Perhaps because its size was so small—“only” $59 million—the press paid little attention to Kmart’s recent settlement of False Claims Act (FCA) litigation in which it was accused of overcharging Medicare, Medicaid, Tricare, and private insurers for generic drugs.
But it is worth discussing both the conduct that got Kmart in trouble and the way that conduct came to light. The former shows how dysfunctional the market for pharmaceuticals is and the latter nicely demonstrates the severe limits on the government’s ability to police fraud and abuse.
The nub of Kmart’s scheme was that it sold generic drugs to cash-paying customers at very low prices while charging governmental payers vastly more. For example, Kmart sold a 30-day supply of a generic version of a prescription drug for $5 to cash customers, but then billed Medicare $152 for that same drug. Because pharmacies can only bill the government for their “usual and customary charges,” Kmart was pocketing millions of dollars that it was not entitled to.
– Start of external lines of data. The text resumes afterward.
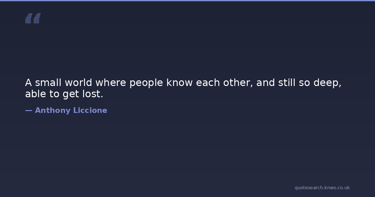 A small world where people know each other, and still so deep, able to get lost.
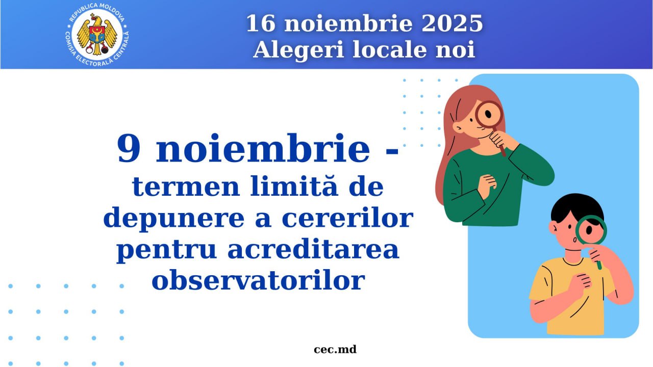 Comisia Electorală Centrală (CEC) a anunțat că data de 9 noiembrie 2025 este termenul-limită pentru depunerea cererilor de acreditare a observatorilor care vor monitoriza alegerile locale noi din 16 noiembrie, transmite MOLDPRES.
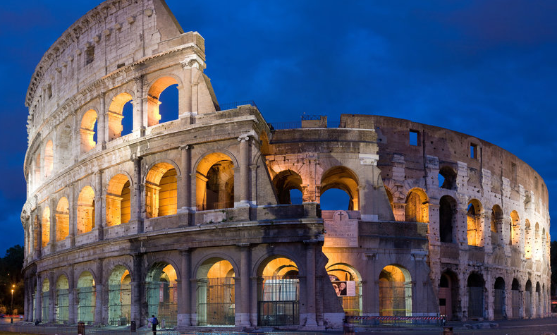 亦译作罗马大角斗场、罗马圆形竞技场、罗马竞技场等,建于公元72-82年间,是古罗马文明的象征。遗址位于意大利首都罗马市中心,威尼斯广场南面,古罗马广场附近,占地面积约2万平方米,长轴长约为188米,短轴长约为156米,圆周长约527米,围墙高约57米,这座庞大的建筑可以容纳近九万人数的观众。竞技场的建筑设计并不落后于现代的美学观点,事实上,大约2000年后的今天,每一个现代化的大型体育场都或多或少的烙上了一些古罗马竞技场的设计风格。事实上古罗马时代的竞技场修建了很多,遍及地中海周边沿岸城市,但是留存下来保存完整的屈指可数。四层竞技场全世界只有一座,就是意大利罗马的这座,它在建筑史上堪称典范的杰作和奇迹。

When it announced the settlement, the DOJ said, as it always does, that “[t]he government’s resolution of this matter illustrates the government’s emphasis on combating health care fraud.” In truth, both the success of Kmart’s scheme and the settlement show exactly the opposite: The government can neither prevent nor police even the most obvious forms of health care fraud. We make this point at length in our forthcoming book, Overcharged: Why Americans Pay Too Much For Health Care.
Consider a few facts. While public payers were happily paying Kmart’s inflated bills, they were also receiving bills from Walmart that accurately stated the far lower market price for the very same drugs. When James Garbe, the pharmacist who discovered what Kmart was doing, had a prescription for 90 days of blood pressure medication (Lisinopril/HCTZ) filled at Walmart, it billed the government $2—the difference between his copay ($10) and Walmart’s cash price ($12). When he had the exact same prescription filled at Kmart, it billed the government $50.84, even though the charge should only have been $5 because Kmart’s cash price was $15. No one in the government (or at the private carrier that administered the part D program for Medicare) wondered why Kmart’s charge was 25 times as much as Walmart’s, even though the two stores compete directly with one another.
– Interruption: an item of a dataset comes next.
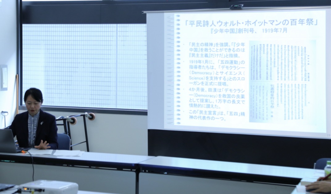活動在文京區(qū)會議中心舉行,由田偉和閻瑜分別向日本讀者講述了中國著名劇作家、詩人田漢先生的旅日故事。1916年8月,18歲的田漢赴日本東京求學。在這里,他加入了李大釗組織的少年中國學會,開展詩歌和戲劇的創(chuàng)作、翻譯和評論,又與郭沫若等共同組織創(chuàng)造社,推動新文學的發(fā)展。田偉從自身經(jīng)歷出發(fā),講述了家族的歷史、田漢先生的生平事跡及其在中日文化交流中的重要地位。她提到,田漢先生在日本東京居住的7年,留下了諸多作品,對中日文化交流起到了深遠影響。她給讀者們分享了許多珍貴的家族照片以及父輩與田漢的通信,講述田漢早年留學、家庭背景、文學戲劇生涯的故事,展現(xiàn)出家族在歷史洪流中的真實與堅韌。
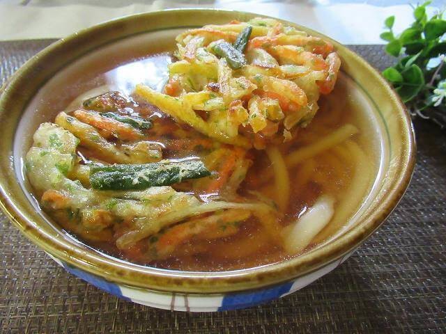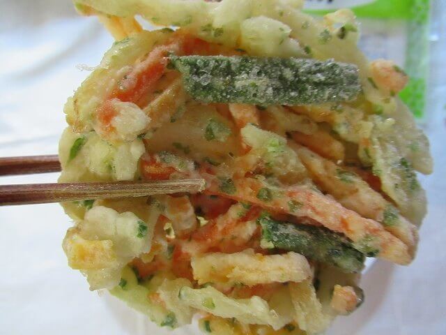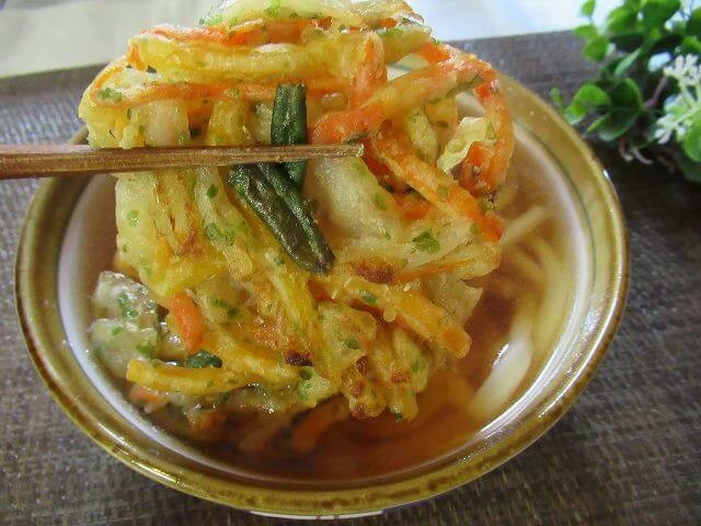 野菜かき揚げはボリュームがあります。また、かき揚げの衣がつゆを吸って膨れるため、おなか一杯になります。

Nor did anyone responsible for protecting taxpayers’ dollars bother to look at Kmart’s website, where it posted its cash prices for pharmaceuticals. Kmart’s “Preferred Generic Drug List” shows that a 90-day supply of Garbe’s high blood pressure medication cost at most $15—far less than the $60.84 that Kmart was charging.
By examining hundreds of Kmart’s billing records, Garbe learned that overcharges for cheap generic drugs were routine. Kmart charged cash-paying customers $5 for 30-day supplies of four commonly dispensed generic drugs (simvastatin, pravastatin, tramadol, and sertraline), but it charged the government $152.97, $148.97, $77.09, and $92.97, respectively. All of these bills, as well as those for many other generic drugs, should have set off warning bells. None did. And, this wasn’t a one-time thing. Over a twelve-year period Kmart over-billed the government for generic drugs in forty-six states! But for the efforts of Garbe and his lawyers, the government would still be paying too much for generic drugs today. The harm to taxpayers is clear, but patients also ended up bearing some of these inflated costs.
The settlement also makes another point that we develop in Overcharged: providers are constantly gaming the government’s payment rules. Every bill that a government payer receives might be fraudulent or abusive, in whole or in part. Consequently, fraud and abuse will flourish unless and until all bills are carefully reviewed and punishments are ramped up to the point where providers are deterred—which likely means throwing people in jail. But the government will never agree to bear the cost of reviewing the billions of bills that it receives every year, and providers will use all of their considerable political clout to prevent pre-payment audits from happening. They’ll kill any attempt to increase the penalties for fraud too, and they’ll continue their efforts to neuter whistle-blowers.
If we want to address these problems, we need to change tactics. When we start paying for medications and other medical treatments directly, fraud will largely disappear. Kmart couldn’t have billed cash-paying customers exorbitant amounts for generic drugs when the identical items were available much more cheaply at the Walmart around the corner. As long as we keep relying on third party payment (whether governmental or private), we’ll continue to play a losing game of Whac-A-Mole against fraudulent and abusive providers—a losing game because there are far more moles than there are mallets with which to whack them.
David A. Hyman and Charles Silver are professors at the Georgetown Law Center and the School of Law at the University of Texas at Austin, respectively, and coauthors of Overcharged: Why Americans Pay Too Much For Health Care, which will be published by the Cato Institute in April, 2018.